Aurochs, Lascaux Cave, France.
Photograph public domain.
"The researchers dubbed the creature Bison-X and
Higgs Bison. Furtheer examination of the DNA showed that this new animal was
actually a hybrid between the steppe bison and the aurochs, a species of wild
cattle believed to be the ancestor of modern cows Beyond that the researchers
knew very little about the animal including what it looked like." (Daley 2016)
Aurochs, Lascaux Cave, France.
Photograph public domain.
"Cooper
contacted French cave researchers to see if the animal might have been captured
by the hunters who decorated the caves of Lascaux and Pergouset. And indeed
there was a record of this creature." (Daley 2016)

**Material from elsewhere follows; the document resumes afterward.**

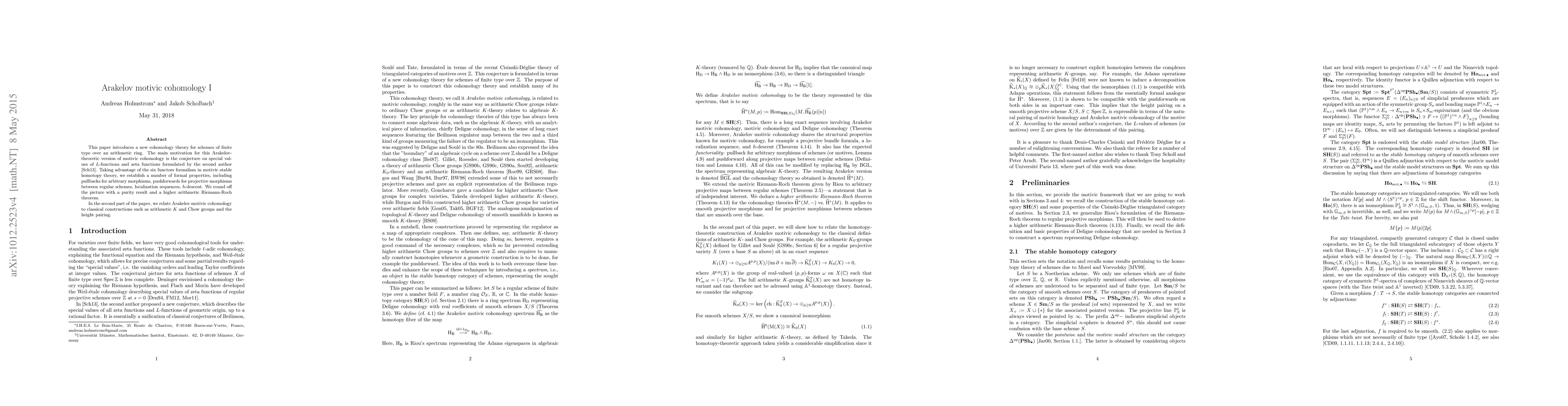 This paper introduces a new cohomology theory for schemes of finite type over an arithmetic ring. The main motivation for this Arakelov-theoretic version of motivic cohomology is the conjecture on special values of $L$-functions and zeta functions formulated by the second author. Taking advantage of the six functors formalism in motivic stable homotopy theory, we establish a number of formal properties, including pullbacks for arbitrary morphisms, pushforwards for projective morphisms between regular schemes, localization sequences, $h$-descent. We round off the picture with a purity result and a higher arithmetic Riemann-Roch theorem.
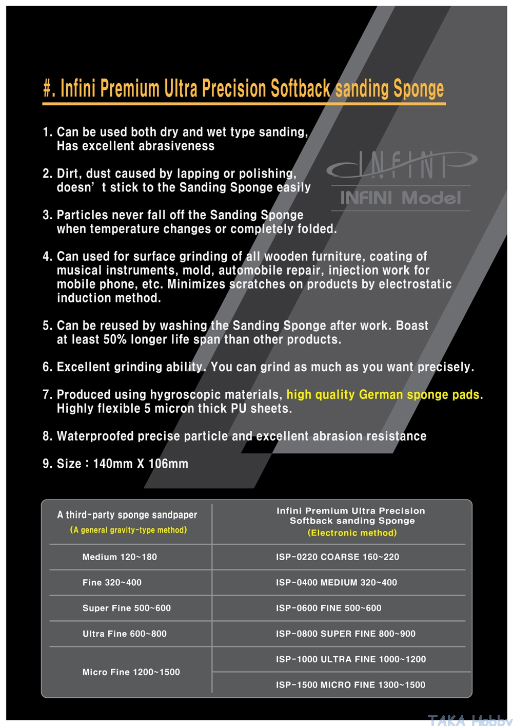 Infini Model ISP-0220G Softback Sanding Sponge Pad #220 Coarse (2pcs)

Steppe bison, Chauvet cave, France.
httpwww.zmescience.com - public domain.
Steppe bison, Chauvet cave, France.
httpwww.zmescience.com - public domain.
They
found that images of cave bison which could be dated to between 18,000 to
22,000 years ago clearly depict the steppe bison with its long horns and stout
forequarters. However images from 5,000 years later show a creature without
such a barrel chest and thinner horns. Researchers of cave art had previously
assumed that the differences were ones of style and regional variation in
portrayals.
Researchers
believe that the shift in dominant types was likely due to the periodic
changing climates in the Paleolithic period. "Cooper and his colleagues traced the Higgs Bison back over
120,000 years using DNA from fossil bones from Europe, the Urals and the Caucusus Mountains, according to a press
release. During warm spells, the steppe bison was the dominant bovine in
western Eurasia. During cold spells, the fossil record suggests that the hybrid
animals did better. While the steppe bison eventually went extinct, Higgs Bison
survived and is the ancient ancestor of modern European bison." (Daley
2016)
"'Once formed, the new hybrid species
seems to have successfully carved out a niche on the landscape, and kept to
itself genetically,' Cooper says in the press release. 'It dominated during
colder tundra-like periods, without the warm summers, and was the largest
European species to survive the megafaunal extinctions.'" (Daley 2016)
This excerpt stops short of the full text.